European oilfield services firms face a surge in debt when new accounting rules come into force in the new year, according to a leading credit rating agency.
From January 1st a new accounting standard will come into effect, known as IFRS 16, changing the rules around lease payments.
Scope Ratings said this will have a “potentially dramatic impact” for oil services firms and exploration and production companies who use operating leases for assets like land, drilling rigs, vessels and other machinery.
Under present rules, lease payments are recognised as operating costs and are not part of a company’s EBITDA – earnings before interest, tax, depreciation and amortisation.
However, the new rule closes a loophole which will mean all lease payments need to be recognised as depreciation and interest components.
As a result of this, firms will appear more asset-rich but also more indebted.
Scope carried out an impact study estimating European oilfield services firms will see debt surge on average by 40%, based on 2017 figures.
The firm said the way the sector reacts will be a “test case” for the new rules, being put in place by the International Accounting Standards Board.
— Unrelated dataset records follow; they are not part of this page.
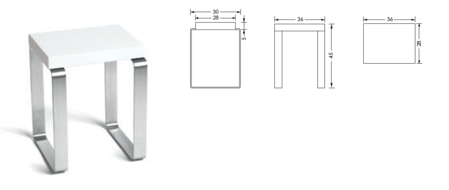 Taburetka s rámom z brúsenej nerezovej ocele, sedadlo z PU peny vo farbách Arctic White a Black. výška sedadla 45 cm; Sedadlo 36 x 25 cm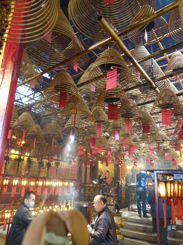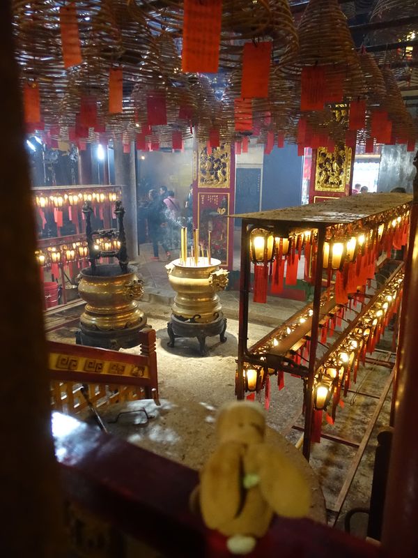 Wir haben aus Hasensicht nicht so spannende Sachen unternommen – leckeres Essen gibt es hier. Kleine Straßen mit spannenden Läden, die allerdings ‚Nicht Fotografieren‘-Schilder am Fenster hatten. Dann mache ich es nicht. Den Man Mo Tempel durfte man fotografieren.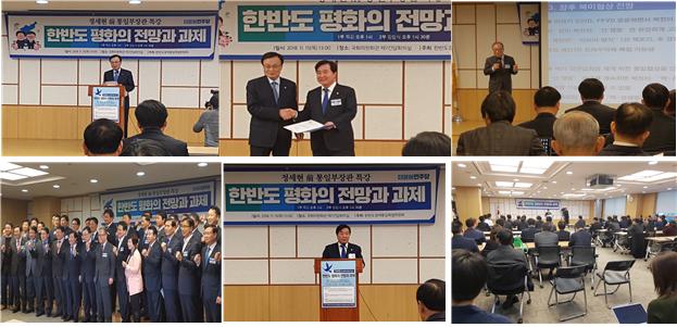 이어 정세현 전 통일부장관이 창립식에서 '한반도 평화의 전망과 과제'란 주제로 강연에서 "남북 경제협력이 동북아평화까지는 보장 못하지만 적어도 남북 군사긴장 완화와 평화정도는 보장을 하였다. 유엔제재에 저촉되지 않을 남북협력사업, 인도주의 지원 추진해나가면서 남북간 신뢰라도 구축해야 한다"고 말했다.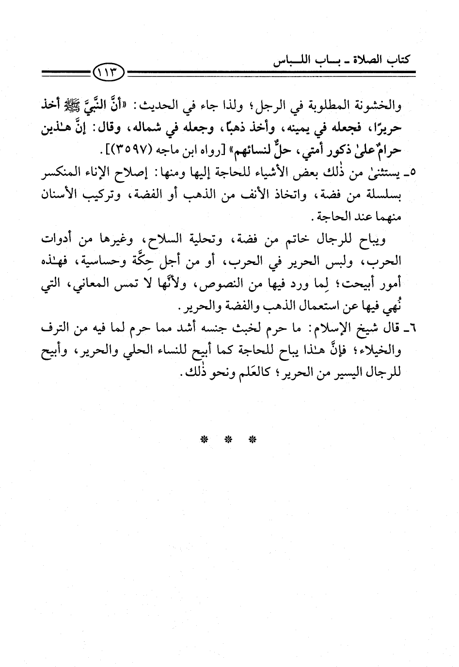 5 - يستثنى من ذلك بعض الأشياء للحاجة إليها ومنها: إصلاح الإناء المنكسر بسلسلة من فضة، واتخاذ الأنف من الذهب أو الفضة، وتركيب الأسنان منهما عند الحاجة.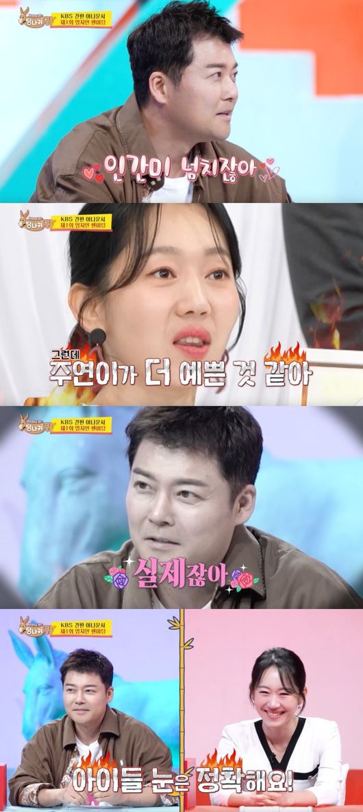 그런가 하면 전현무는 홍주연과의 실제 같은 가짜 결혼설을 즐기는 듯한 모습이기도 했다. 홍주연과의 관계에 대해 부정하기보다는 열애설을 즐겼고, 이날 방송에서도 전현무는 엄지인 아나운서가 팬에게 선물받은 그림을 보고 “주연이가 더 예쁜 것 같다”라고 말하자 “실제잖아”라면서 홍주연에 대한 관심을 드러냈다. 또 음치인 듯한 홍주연의 모습을 보고 “인간미 넘치잖아”라면서 감싸기도 했다. ‘사당귀’에서 만든 홍주연과의 열애 세계관에 푹 빠진 모습이었다. /seon@osen.co.kr

Analyst at Scope, Thomas Faeh, said: “On the balance sheet, reclassing operating leases as financial leases will increase company’s assets but also their debts.
“The new standard seeks, among other things, to close a loophole allowing companies to distinguish between financial leases, booked as liabilities, and operating leases, bookable as expenses under the previous IAS 17 standard.
“By changing important income statement, cash flow, and balance sheet metrics, lessor agreements and banking covenants may have to be reassessed as well as the financial risk profile of the companies for those analysts and investors who haven’t yet taken the heavy use of operating leases into account.”